WORK TO COMPLETE:
In the entries below, find the line with "the holiday season." and the line with "zgorszenia G4348 . |". Repeat exactly everything between them, those two lines included, but not the pictures.

TASK INPUT:
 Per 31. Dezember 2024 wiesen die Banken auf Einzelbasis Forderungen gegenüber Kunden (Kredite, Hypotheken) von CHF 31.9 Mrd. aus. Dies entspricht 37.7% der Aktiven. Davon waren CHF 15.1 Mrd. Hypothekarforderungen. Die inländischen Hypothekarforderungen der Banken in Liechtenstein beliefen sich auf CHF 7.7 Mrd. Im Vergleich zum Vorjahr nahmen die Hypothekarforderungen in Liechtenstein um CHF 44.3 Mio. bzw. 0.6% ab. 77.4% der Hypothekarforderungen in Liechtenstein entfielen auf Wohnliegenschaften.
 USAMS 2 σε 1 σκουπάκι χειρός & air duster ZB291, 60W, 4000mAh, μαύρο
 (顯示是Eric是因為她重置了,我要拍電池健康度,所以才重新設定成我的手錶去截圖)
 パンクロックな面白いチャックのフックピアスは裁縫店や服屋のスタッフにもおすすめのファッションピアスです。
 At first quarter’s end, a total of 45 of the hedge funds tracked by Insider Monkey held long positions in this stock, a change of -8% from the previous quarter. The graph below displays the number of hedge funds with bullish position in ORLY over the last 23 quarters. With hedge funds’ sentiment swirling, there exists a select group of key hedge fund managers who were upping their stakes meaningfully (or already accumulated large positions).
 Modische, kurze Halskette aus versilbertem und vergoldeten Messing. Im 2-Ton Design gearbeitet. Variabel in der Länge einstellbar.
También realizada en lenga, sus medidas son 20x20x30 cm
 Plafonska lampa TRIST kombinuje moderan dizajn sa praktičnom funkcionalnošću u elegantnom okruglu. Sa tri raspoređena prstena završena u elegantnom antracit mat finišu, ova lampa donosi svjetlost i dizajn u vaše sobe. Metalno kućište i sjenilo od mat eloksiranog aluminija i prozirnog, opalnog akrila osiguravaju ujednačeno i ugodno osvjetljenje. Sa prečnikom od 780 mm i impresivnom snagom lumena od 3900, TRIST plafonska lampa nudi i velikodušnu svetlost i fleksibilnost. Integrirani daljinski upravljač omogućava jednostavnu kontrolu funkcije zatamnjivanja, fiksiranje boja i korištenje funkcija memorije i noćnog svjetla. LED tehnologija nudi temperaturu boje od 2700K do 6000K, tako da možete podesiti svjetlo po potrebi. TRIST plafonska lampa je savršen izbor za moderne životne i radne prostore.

--

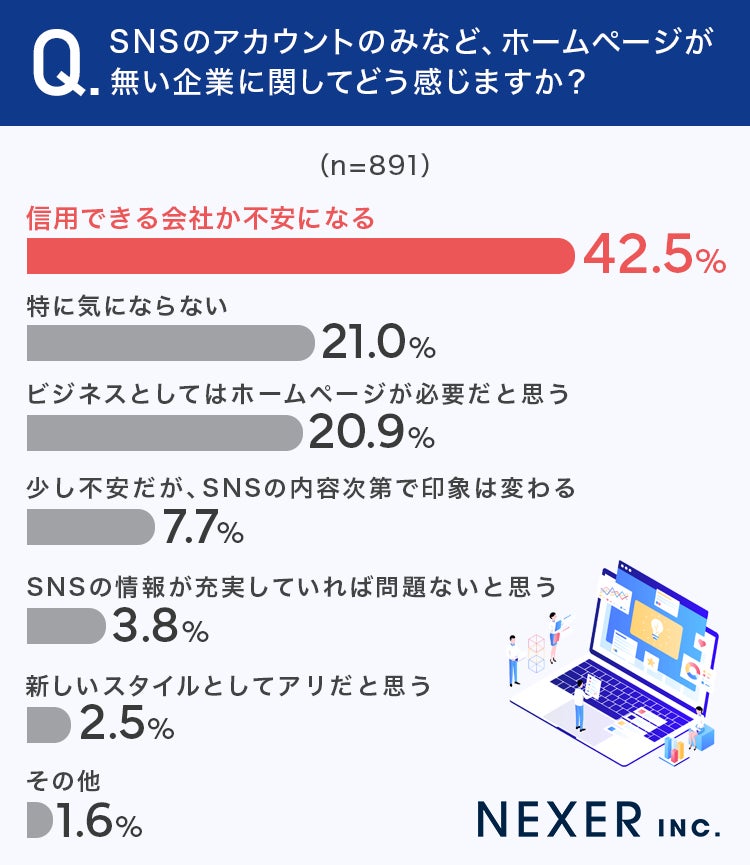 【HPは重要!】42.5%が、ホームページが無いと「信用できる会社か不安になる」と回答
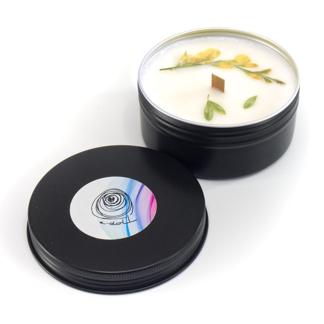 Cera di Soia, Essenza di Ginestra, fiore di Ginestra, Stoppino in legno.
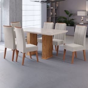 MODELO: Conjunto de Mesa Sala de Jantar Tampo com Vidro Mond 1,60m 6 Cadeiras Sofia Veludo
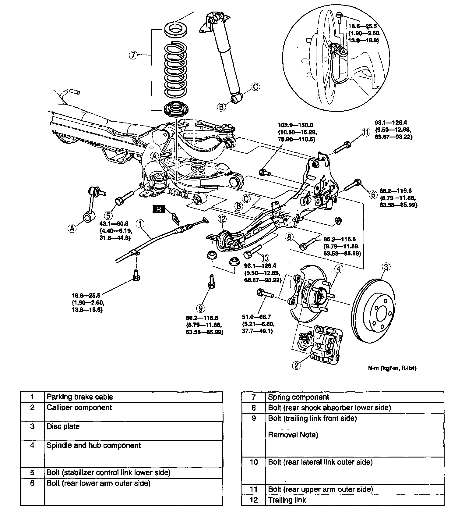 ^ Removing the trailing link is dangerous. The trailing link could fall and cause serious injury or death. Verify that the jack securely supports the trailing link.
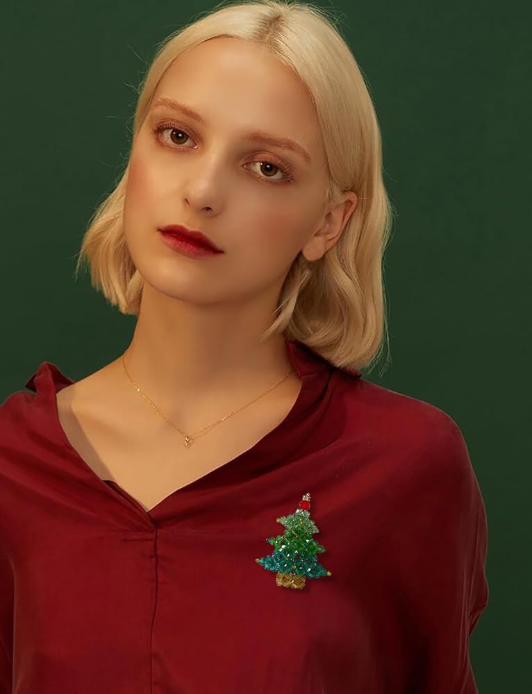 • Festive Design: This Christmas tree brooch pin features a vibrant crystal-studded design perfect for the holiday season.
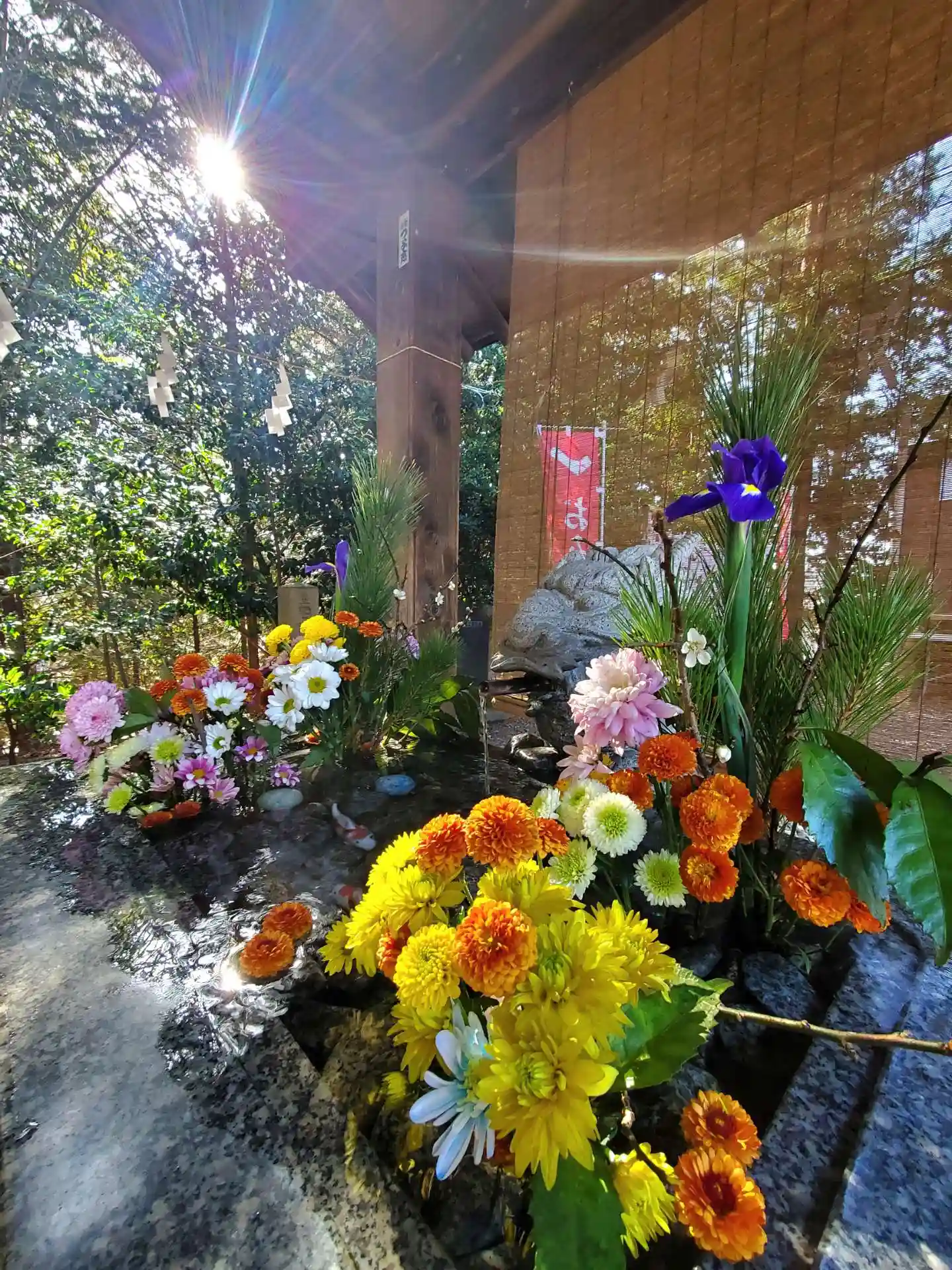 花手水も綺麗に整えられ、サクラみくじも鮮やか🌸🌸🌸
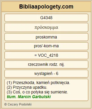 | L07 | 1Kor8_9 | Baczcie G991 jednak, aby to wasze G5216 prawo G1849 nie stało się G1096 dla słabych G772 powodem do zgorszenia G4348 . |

--

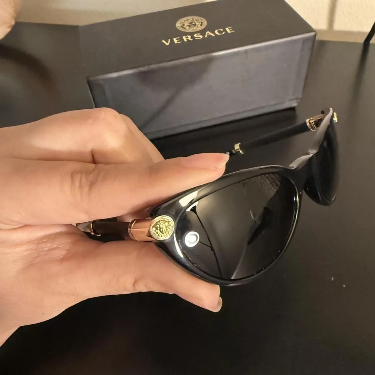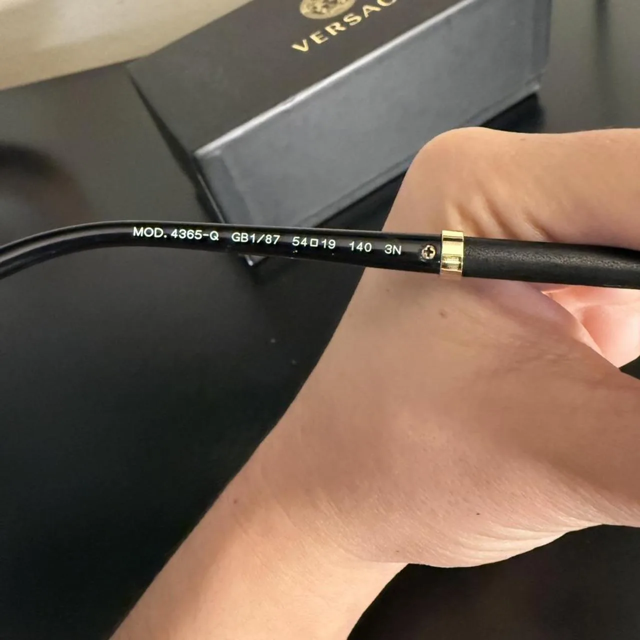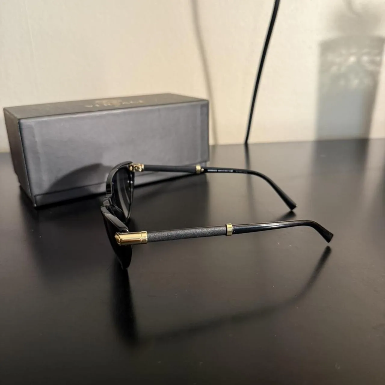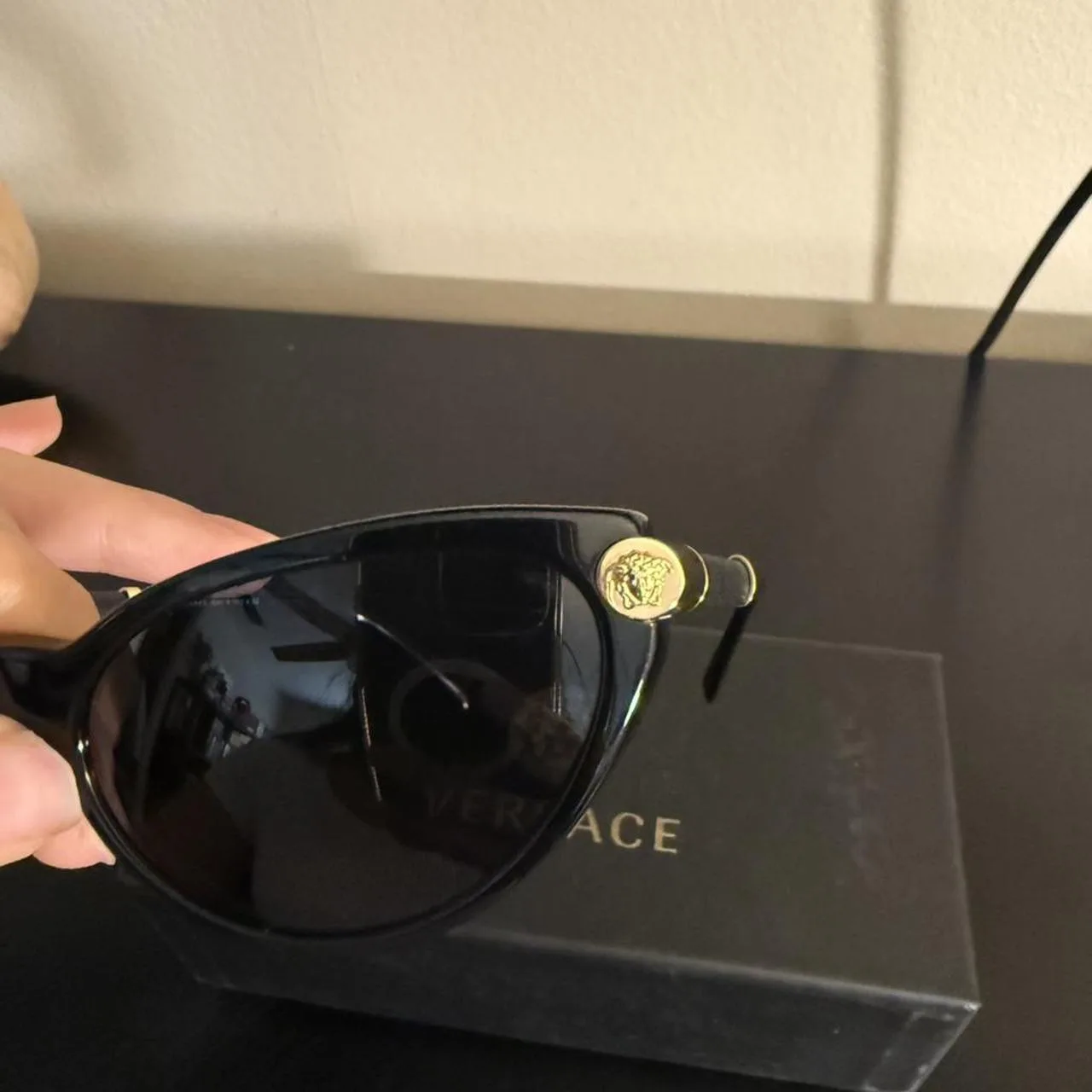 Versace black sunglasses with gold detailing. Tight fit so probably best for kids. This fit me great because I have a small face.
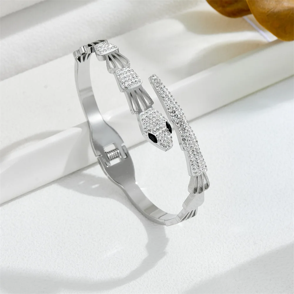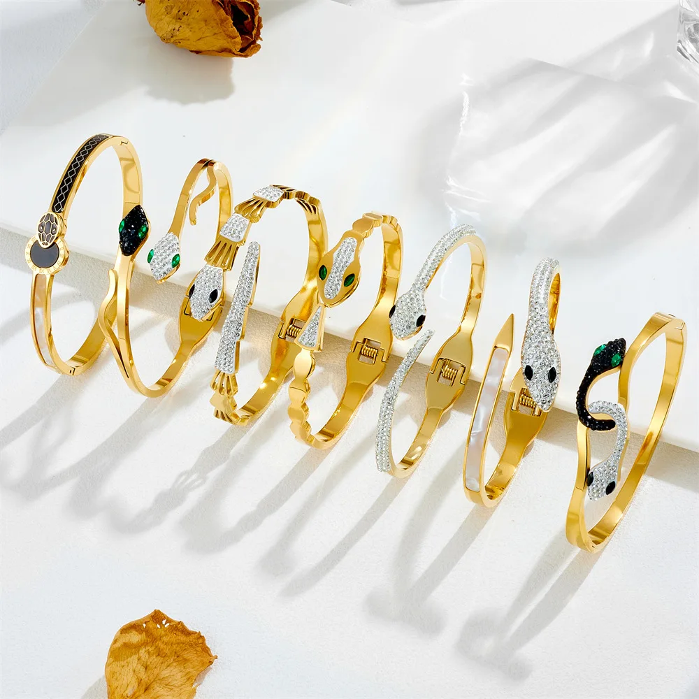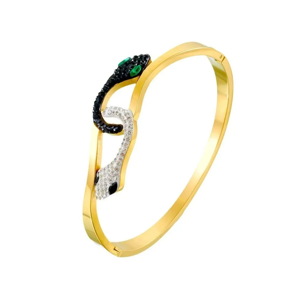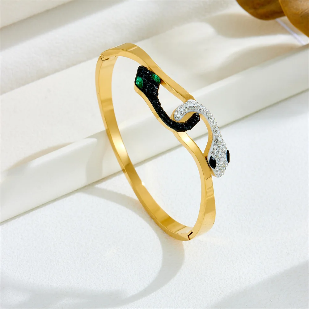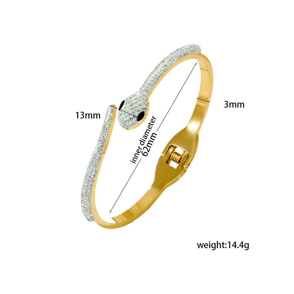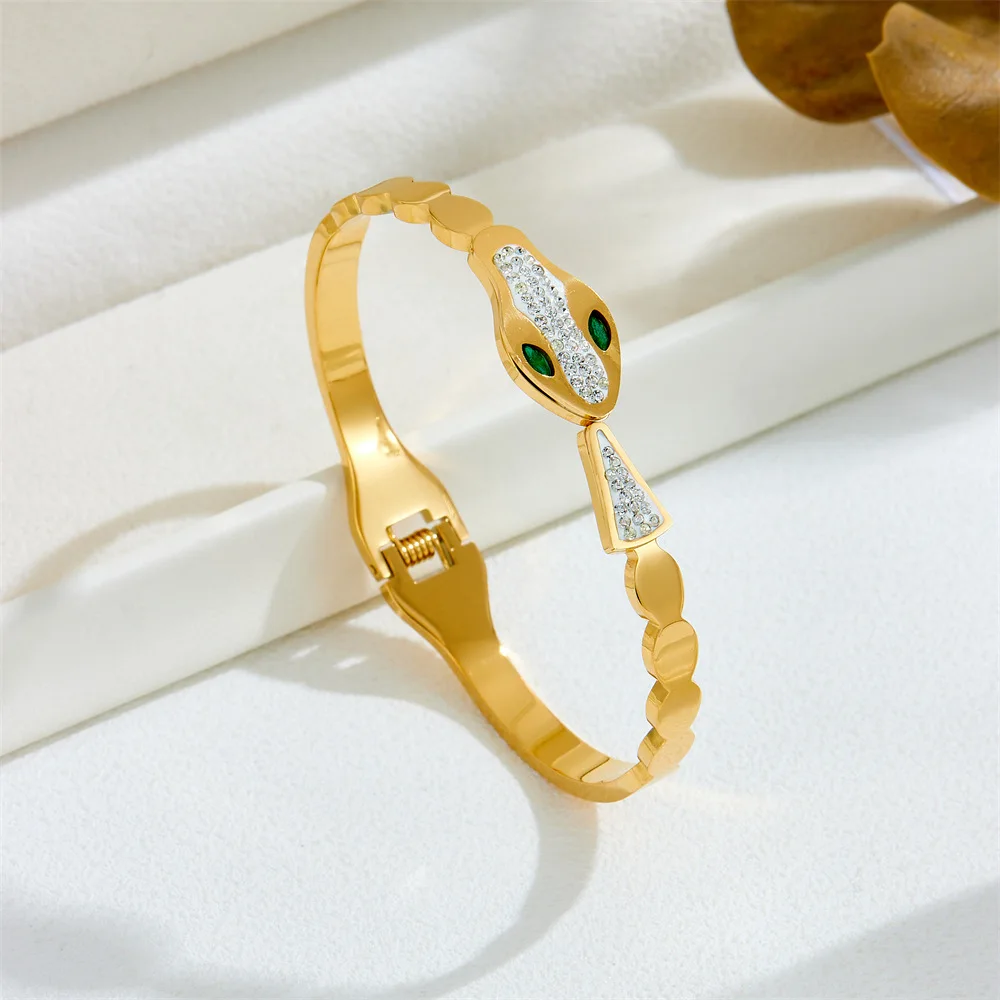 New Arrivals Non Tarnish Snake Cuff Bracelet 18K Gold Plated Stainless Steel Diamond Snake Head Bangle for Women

RESULT OF THIS TASK:
 • Festive Design: This Christmas tree brooch pin features a vibrant crystal-studded design perfect for the holiday season.
 花手水も綺麗に整えられ、サクラみくじも鮮やか🌸🌸🌸
 | L07 | 1Kor8_9 | Baczcie G991 jednak, aby to wasze G5216 prawo G1849 nie stało się G1096 dla słabych G772 powodem do zgorszenia G4348 . |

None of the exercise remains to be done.